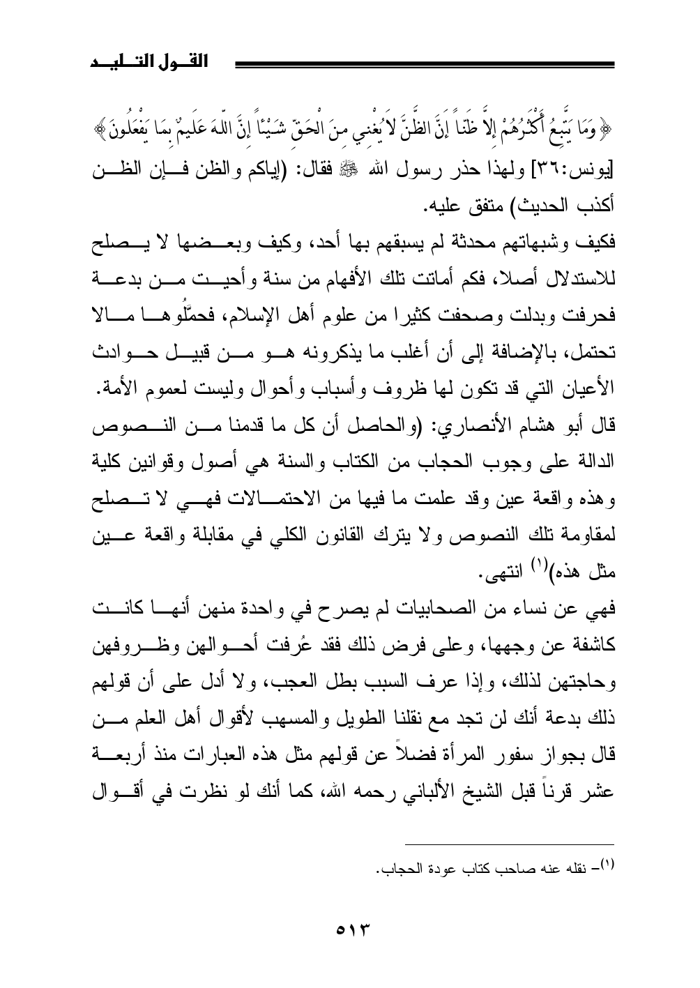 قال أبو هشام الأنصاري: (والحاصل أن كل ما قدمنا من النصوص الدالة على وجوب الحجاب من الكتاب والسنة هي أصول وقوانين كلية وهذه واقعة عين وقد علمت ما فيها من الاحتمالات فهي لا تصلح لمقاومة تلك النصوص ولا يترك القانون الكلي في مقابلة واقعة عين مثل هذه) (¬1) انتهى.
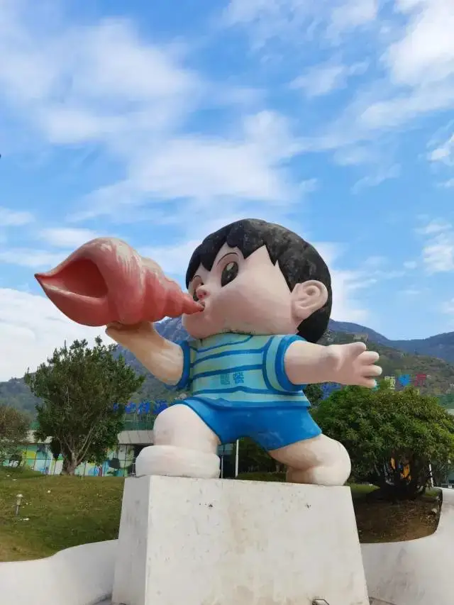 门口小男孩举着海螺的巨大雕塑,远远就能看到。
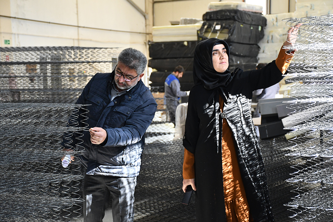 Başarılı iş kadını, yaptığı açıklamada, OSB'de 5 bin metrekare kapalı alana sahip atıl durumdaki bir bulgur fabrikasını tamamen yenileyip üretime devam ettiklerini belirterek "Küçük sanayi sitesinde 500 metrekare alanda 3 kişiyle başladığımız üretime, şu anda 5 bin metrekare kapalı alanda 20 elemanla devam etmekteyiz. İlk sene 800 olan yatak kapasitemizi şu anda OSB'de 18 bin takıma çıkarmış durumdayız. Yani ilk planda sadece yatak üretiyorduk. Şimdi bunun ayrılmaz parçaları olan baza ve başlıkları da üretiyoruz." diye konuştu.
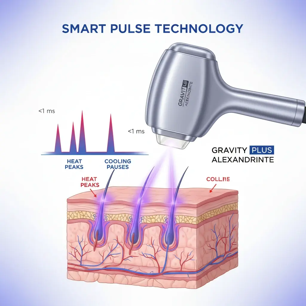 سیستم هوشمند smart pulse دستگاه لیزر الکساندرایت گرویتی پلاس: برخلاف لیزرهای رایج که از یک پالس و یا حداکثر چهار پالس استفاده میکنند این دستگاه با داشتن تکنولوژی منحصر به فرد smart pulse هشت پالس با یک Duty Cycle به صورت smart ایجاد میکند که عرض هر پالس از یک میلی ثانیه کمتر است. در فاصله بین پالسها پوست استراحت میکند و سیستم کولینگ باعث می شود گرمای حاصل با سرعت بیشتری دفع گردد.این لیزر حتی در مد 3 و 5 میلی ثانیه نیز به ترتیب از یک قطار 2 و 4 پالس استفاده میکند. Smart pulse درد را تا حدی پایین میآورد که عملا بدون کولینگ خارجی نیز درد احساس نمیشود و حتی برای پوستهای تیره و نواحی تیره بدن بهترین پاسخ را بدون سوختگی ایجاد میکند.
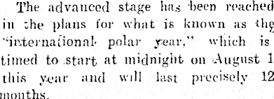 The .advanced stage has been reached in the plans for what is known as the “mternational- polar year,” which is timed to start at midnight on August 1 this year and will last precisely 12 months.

################

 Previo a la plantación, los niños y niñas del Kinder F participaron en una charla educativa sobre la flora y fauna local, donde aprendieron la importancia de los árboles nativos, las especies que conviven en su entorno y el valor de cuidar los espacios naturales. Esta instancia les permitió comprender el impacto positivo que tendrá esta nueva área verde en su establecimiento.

################

* [What you will do] What do the entries above read from the line containing "قال أبو هشام" through the line containing "Başarılı iş kadını, yaptığı"? Output those lines exactly, both ends included, with the pictures left out.

* [Result for this task]
 قال أبو هشام الأنصاري: (والحاصل أن كل ما قدمنا من النصوص الدالة على وجوب الحجاب من الكتاب والسنة هي أصول وقوانين كلية وهذه واقعة عين وقد علمت ما فيها من الاحتمالات فهي لا تصلح لمقاومة تلك النصوص ولا يترك القانون الكلي في مقابلة واقعة عين مثل هذه) (¬1) انتهى.
 门口小男孩举着海螺的巨大雕塑,远远就能看到。
 Başarılı iş kadını, yaptığı açıklamada, OSB'de 5 bin metrekare kapalı alana sahip atıl durumdaki bir bulgur fabrikasını tamamen yenileyip üretime devam ettiklerini belirterek "Küçük sanayi sitesinde 500 metrekare alanda 3 kişiyle başladığımız üretime, şu anda 5 bin metrekare kapalı alanda 20 elemanla devam etmekteyiz. İlk sene 800 olan yatak kapasitemizi şu anda OSB'de 18 bin takıma çıkarmış durumdayız. Yani ilk planda sadece yatak üretiyorduk. Şimdi bunun ayrılmaz parçaları olan baza ve başlıkları da üretiyoruz." diye konuştu.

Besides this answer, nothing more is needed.